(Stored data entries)
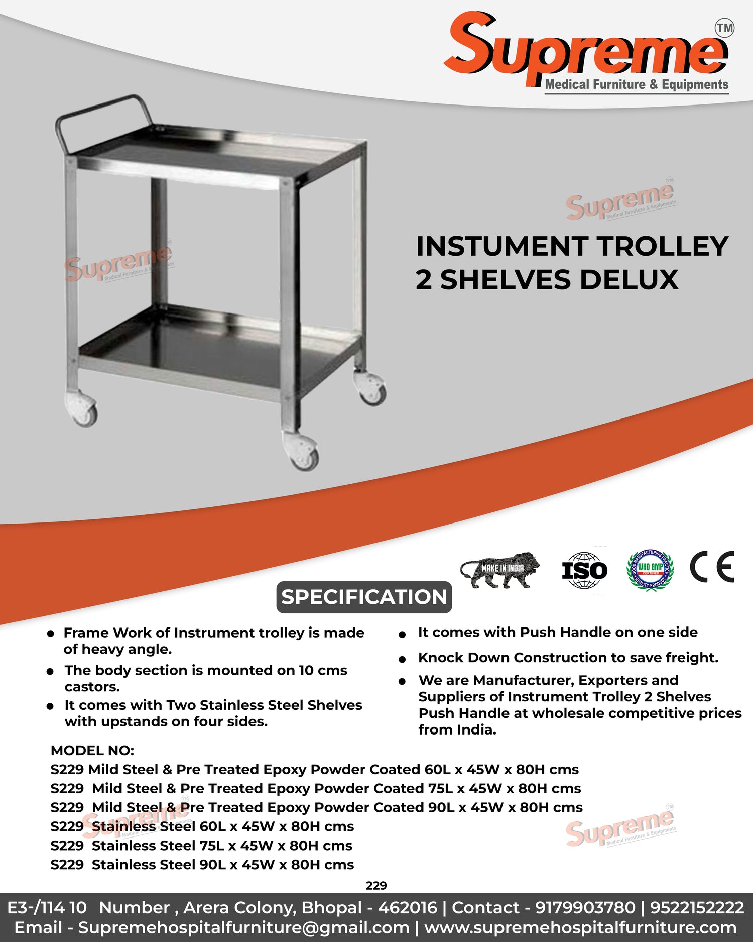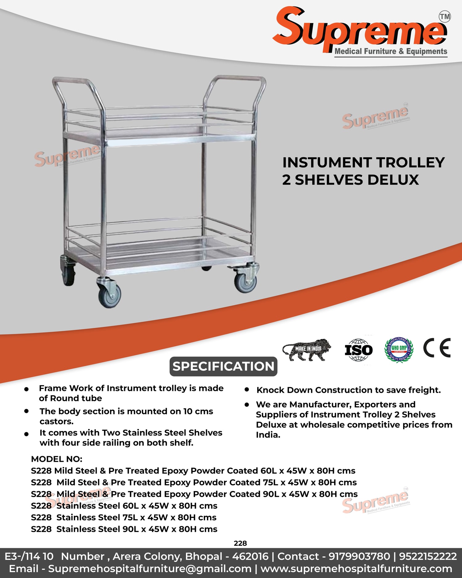 INSTRUMENT TROLLEY 2 SHELVES DELUX
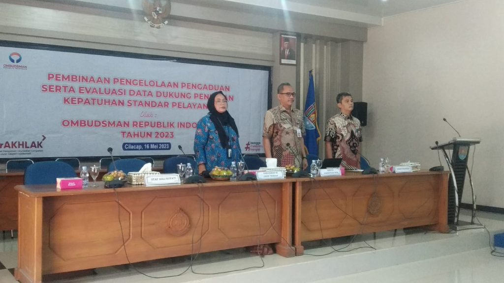 RILISJATENG.COM– Dalam rangka meningkatkan pelayanan publik, Pemerintah Kabupaten Cilacap melalui Ombudsman RI menyelenggarakan pembinaan pengelolaan pengaduan serta evaluasi persiapan penilaian kepatuhan standar pelayanan publik Tahun 2023, Selasa (16/05/2023) di Ruang rapat Jalabhumi Setda Cilacap.
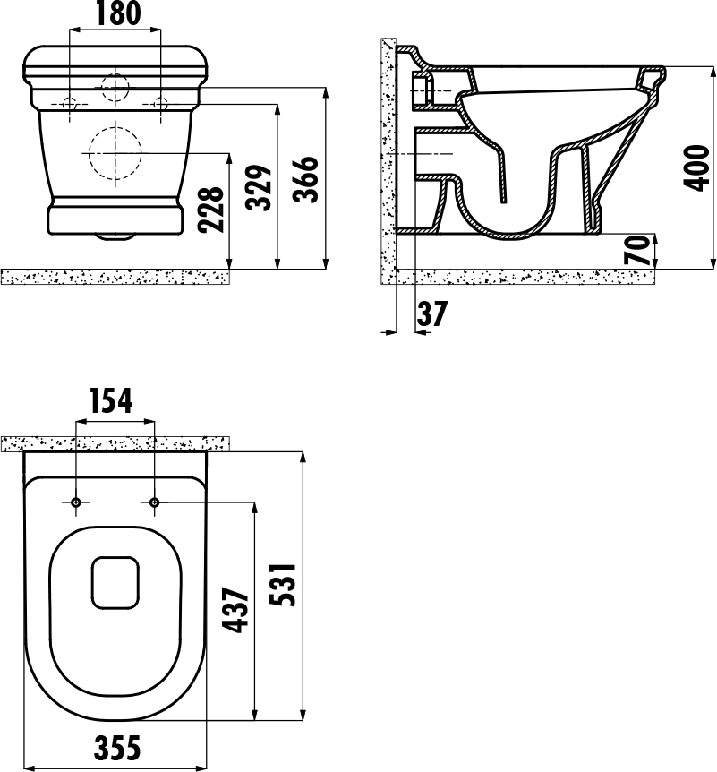 Подвесной унитаз Creavit Antik AN320-00CB00E-0000 с функцией биде. Экологически чистые материалы, сертификат EPD.
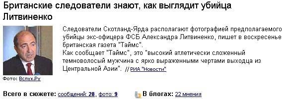 В "Яндекс.Новостях", радуется Слава, составили фотопортрет убийцы Литвиненко. Это высокий, атлетически сложенный темноволосый мужчина с ярко выраженными чертами выходца из Центральной Азии. Вот он, этот гнусный тип:
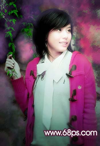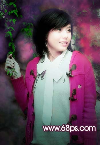 5、新建一個圖層,按ctrl + alt + shift + e蓋印圖層,把前景色設置為:#f462a8,背景顏色設置為黑色,執行菜單:濾鏡 > 渲染 > 分層云彩,確定后加上圖層蒙版把人物部分擦出來,效果如圖8。

> [Exercise description] Of the entries above, print exactly those lines that run from the one containing "RILISJATENG.COM– Dalam rangka" through the last line, excluding any pictures.

> [Result for this task]
 RILISJATENG.COM– Dalam rangka meningkatkan pelayanan publik, Pemerintah Kabupaten Cilacap melalui Ombudsman RI menyelenggarakan pembinaan pengelolaan pengaduan serta evaluasi persiapan penilaian kepatuhan standar pelayanan publik Tahun 2023, Selasa (16/05/2023) di Ruang rapat Jalabhumi Setda Cilacap.
 Подвесной унитаз Creavit Antik AN320-00CB00E-0000 с функцией биде. Экологически чистые материалы, сертификат EPD.
 В "Яндекс.Новостях", радуется Слава, составили фотопортрет убийцы Литвиненко. Это высокий, атлетически сложенный темноволосый мужчина с ярко выраженными чертами выходца из Центральной Азии. Вот он, этот гнусный тип:
 5、新建一個圖層,按ctrl + alt + shift + e蓋印圖層,把前景色設置為:#f462a8,背景顏色設置為黑色,執行菜單:濾鏡 > 渲染 > 分層云彩,確定后加上圖層蒙版把人物部分擦出來,效果如圖8。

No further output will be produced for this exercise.